用語の整理:マニュファクチャードホームとは
マニュファクチャードホーム(manufactured home) とは、工場で生産される住宅の一種で、米国では HUD コード(Housing and Urban Development 省が定める連邦基準)に従って建設されます。1976年以前の mobile home(モバイルホーム) の後継にあたる呼称で、現在でも慣用的に mobile home と呼ばれます。
つまり比較の構図は次のようになります。
| 準拠する基準 | 位置づけ | |
|---|---|---|
| マニュファクチャードホーム | HUD コード(連邦基準) | 工場生産住宅。基本的に米国・カナダ市場の枠組み |
| モジュラーハウス(参考) | IRC 等の地域建築基準 | 現地の建築基準に適合する恒久住宅 |
| コンテナハウス | 仕向地の基準+任意の認証 | 鋼製モジュール建築 |
コスト比較
| 項目 | コンテナハウス | マニュファクチャードホーム |
|---|---|---|
| エントリーレベル | $10,000〜25,000(シェル) | $32,000〜65,000 |
| 完成状態(20〜40ft) | $25,000〜110,000 | $32,000〜110,000 |
| ㎡あたり単価 | $1,600〜5,400 | $540〜1,180(最安) |
| 複数連結(大規模) | $95,000〜220,000 | より大型のモデル |
重要なポイント:㎡あたり単価ではマニュファクチャードホームが最安です。しかし小規模の入口ではコンテナハウスが安い——20ftコンテナハウスは $10,000以下で輸入できます。

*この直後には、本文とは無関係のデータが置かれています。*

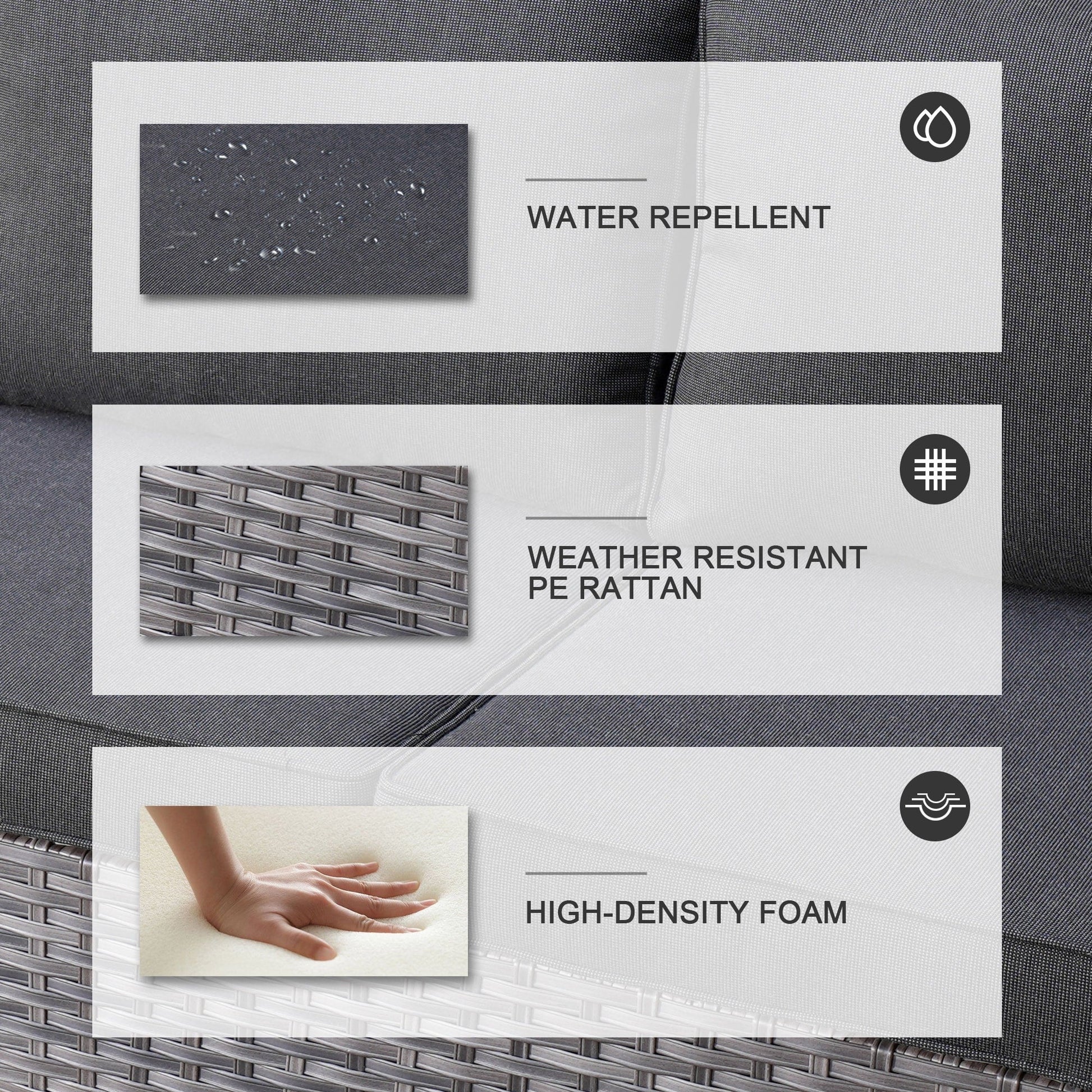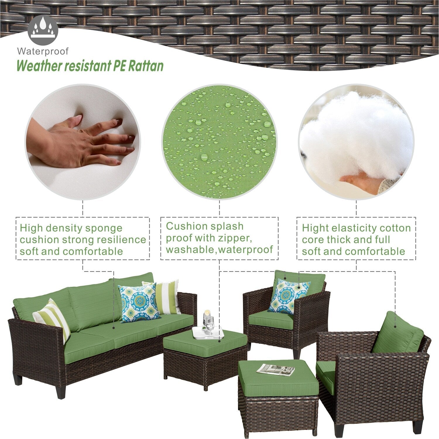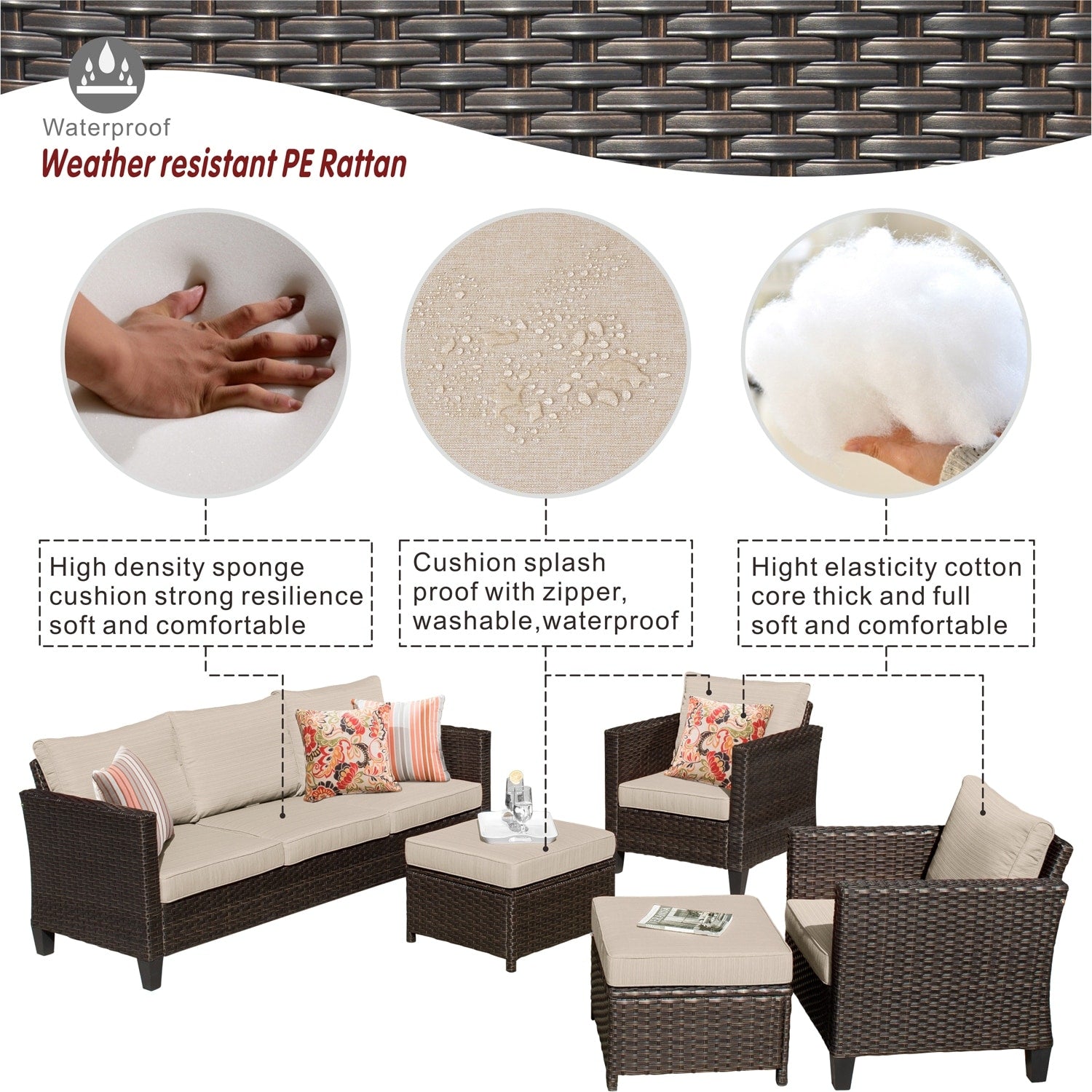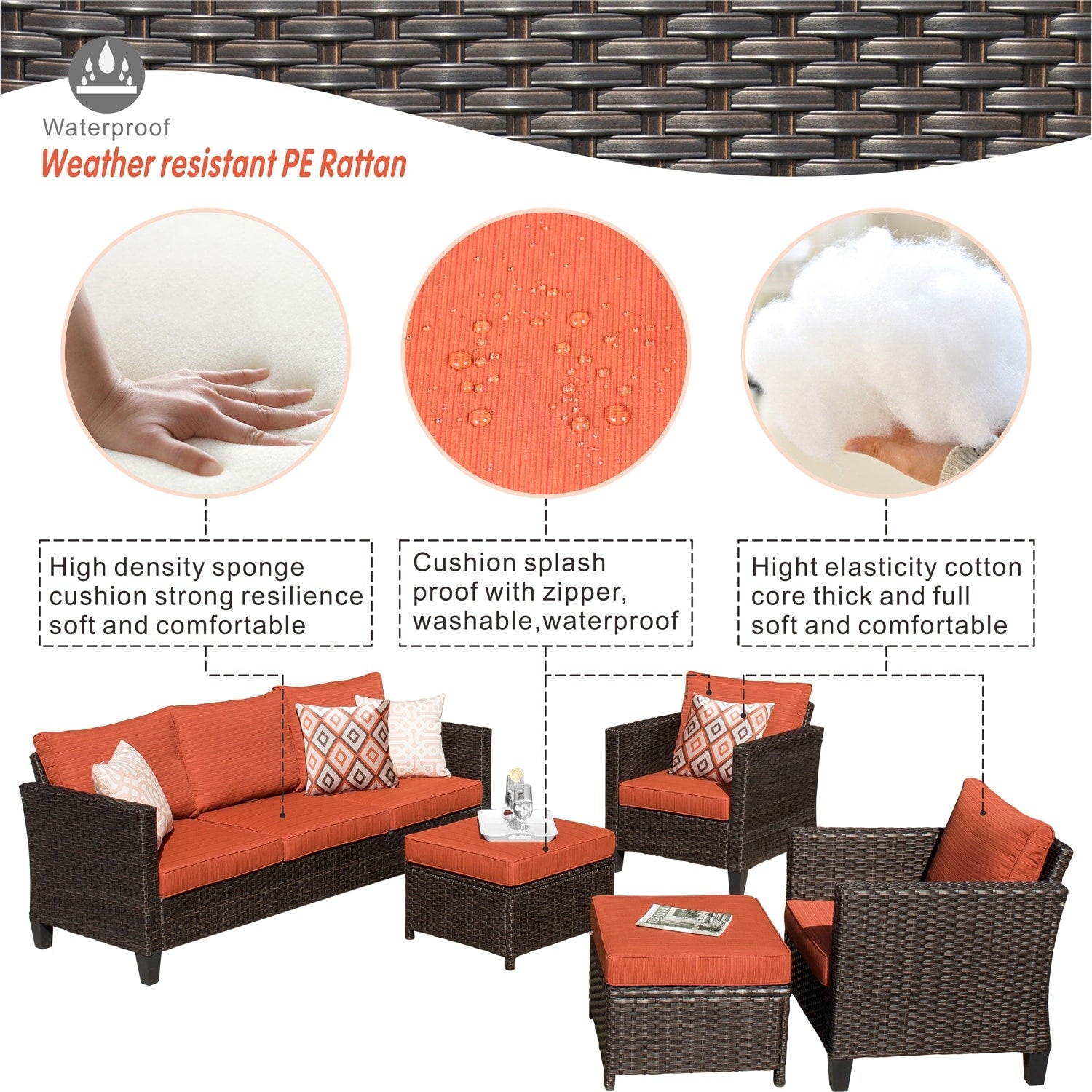 - Résistant à l'eau et aux intempéries : Les coussins et le mobilier sont conçus pour résister à l'eau, ce qui les rend parfaits pour résister à une pluie légère ou à la neige. Bien que cet ensemble résiste facilement à la plupart des conditions météorologiques, il est préférable de le protéger des intempéries extrêmes pour une meilleure longévité.

判断の分かれ目は規模と仕上げ水準です。小規模・標準仕上げならコンテナハウス、広い面積を最も安く確保したいならマニュファクチャードホームが有利になります。
品質と構造
| 項目 | コンテナハウス | マニュファクチャードホーム |
|---|---|---|
| 構造 | 鋼製(コンテナフレーム) | 鉄骨/木造フレーム |
| 建設 | コンテナ仕様で工場生産 | HUD コード基準 |
| 耐用年数 | 15〜25年 | 30〜55年 |
| カスタマイズ | 高い(間取り、仕上げ) | 限定的(標準モデル) |
| 断熱 | 75〜100mm PU の選択可 | 標準 |
重要なポイント:マニュファクチャードホームは連邦基準(HUD コード)に従って建設され、耐用年数は30〜55年と長めです。コンテナハウスは15〜25年が目安ですが、カスタマイズの自由度が高いのが強みです。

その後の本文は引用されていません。